- _WHAT TO DO_
Provide again, from the entries below, every line from the one containing "предоставляет Вам большой" through the one containing "ここでは在庫管理の目的として", exactly as written, and no other line.

- _GIVEN DATA_
──────
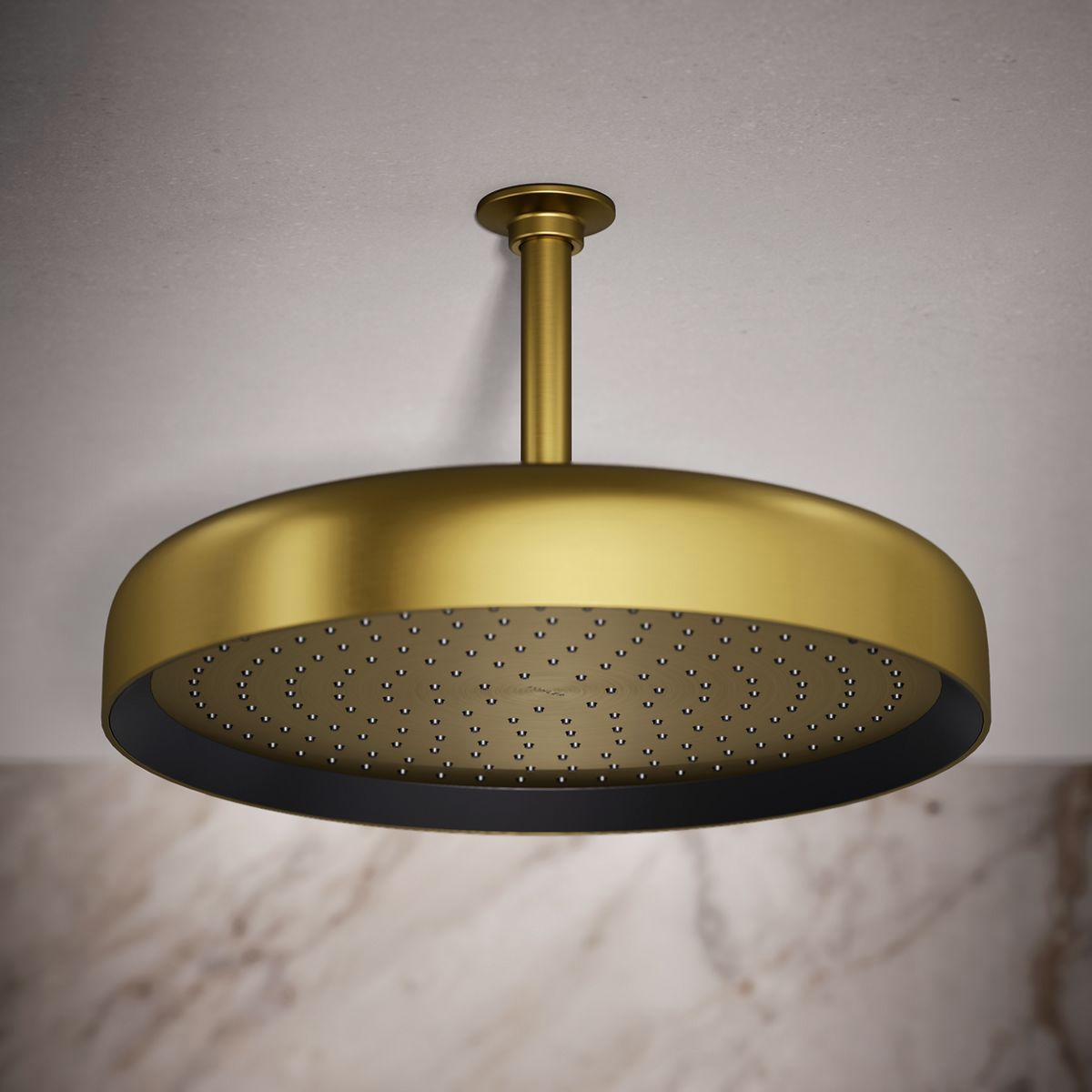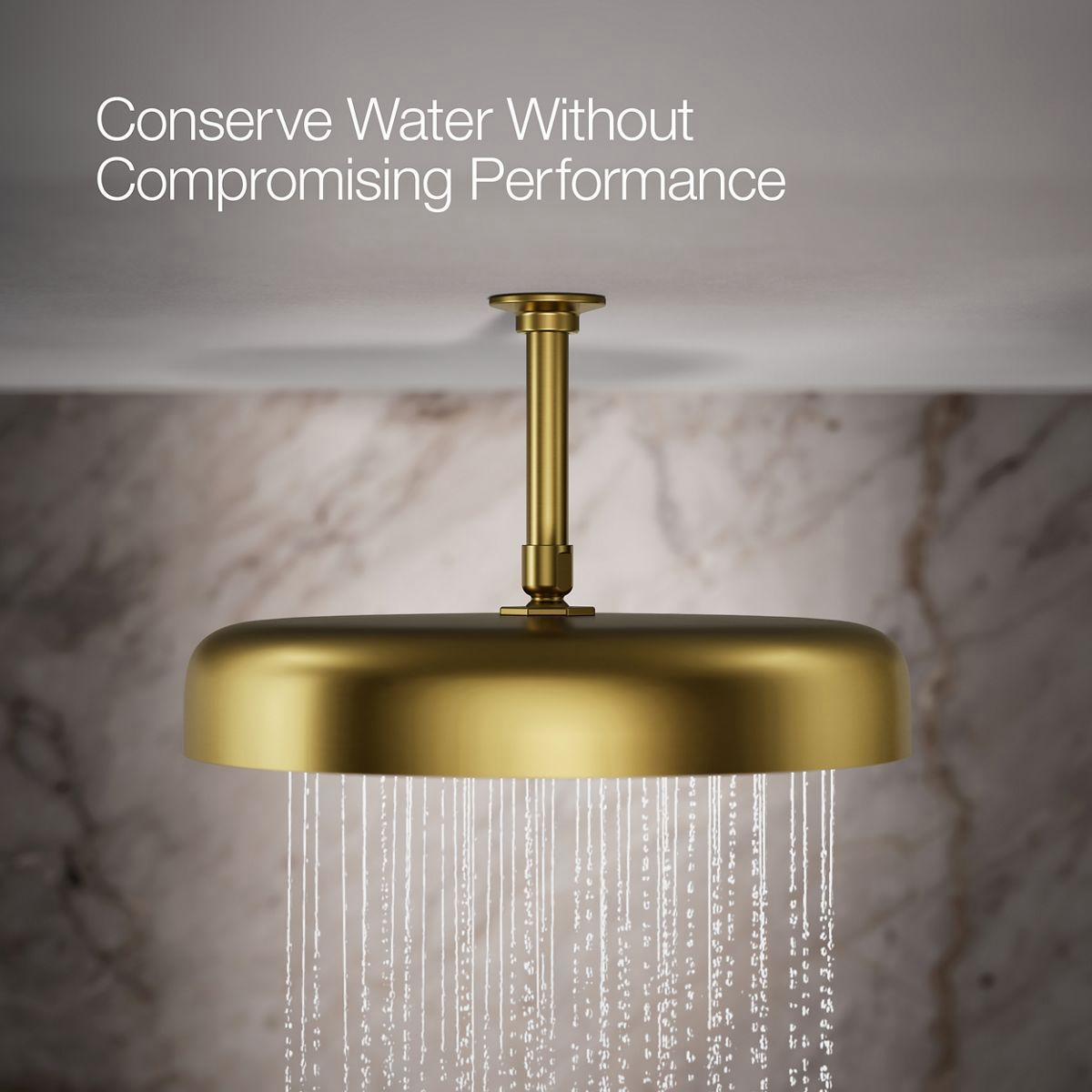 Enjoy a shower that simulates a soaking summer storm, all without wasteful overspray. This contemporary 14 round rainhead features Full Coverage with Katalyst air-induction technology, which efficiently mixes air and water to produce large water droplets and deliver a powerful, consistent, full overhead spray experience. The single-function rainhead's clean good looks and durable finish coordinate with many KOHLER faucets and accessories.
──────
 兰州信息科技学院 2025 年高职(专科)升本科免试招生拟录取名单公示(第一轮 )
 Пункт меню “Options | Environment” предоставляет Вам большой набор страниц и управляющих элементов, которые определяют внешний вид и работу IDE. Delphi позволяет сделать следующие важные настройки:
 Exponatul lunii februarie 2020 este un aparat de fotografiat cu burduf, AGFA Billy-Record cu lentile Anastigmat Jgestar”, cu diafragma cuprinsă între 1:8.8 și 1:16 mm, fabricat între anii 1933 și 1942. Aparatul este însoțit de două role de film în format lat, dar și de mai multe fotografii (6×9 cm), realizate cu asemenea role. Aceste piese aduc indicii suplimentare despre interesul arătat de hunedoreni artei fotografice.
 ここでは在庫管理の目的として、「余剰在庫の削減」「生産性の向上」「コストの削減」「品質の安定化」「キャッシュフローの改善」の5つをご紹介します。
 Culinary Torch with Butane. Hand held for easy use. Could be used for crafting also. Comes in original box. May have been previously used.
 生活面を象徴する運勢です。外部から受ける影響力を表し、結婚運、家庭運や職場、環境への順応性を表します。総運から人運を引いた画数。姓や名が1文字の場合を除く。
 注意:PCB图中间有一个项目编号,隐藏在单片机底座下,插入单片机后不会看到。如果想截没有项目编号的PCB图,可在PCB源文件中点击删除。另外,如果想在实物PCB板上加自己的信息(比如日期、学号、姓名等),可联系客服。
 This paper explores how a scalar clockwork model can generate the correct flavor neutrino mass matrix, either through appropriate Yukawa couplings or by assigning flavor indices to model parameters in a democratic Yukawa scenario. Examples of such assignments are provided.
──────
- _EXPECTED ANSWER_
 Пункт меню “Options | Environment” предоставляет Вам большой набор страниц и управляющих элементов, которые определяют внешний вид и работу IDE. Delphi позволяет сделать следующие важные настройки:
 Exponatul lunii februarie 2020 este un aparat de fotografiat cu burduf, AGFA Billy-Record cu lentile Anastigmat Jgestar”, cu diafragma cuprinsă între 1:8.8 și 1:16 mm, fabricat între anii 1933 și 1942. Aparatul este însoțit de două role de film în format lat, dar și de mai multe fotografii (6×9 cm), realizate cu asemenea role. Aceste piese aduc indicii suplimentare despre interesul arătat de hunedoreni artei fotografice.
 ここでは在庫管理の目的として、「余剰在庫の削減」「生産性の向上」「コストの削減」「品質の安定化」「キャッシュフローの改善」の5つをご紹介します。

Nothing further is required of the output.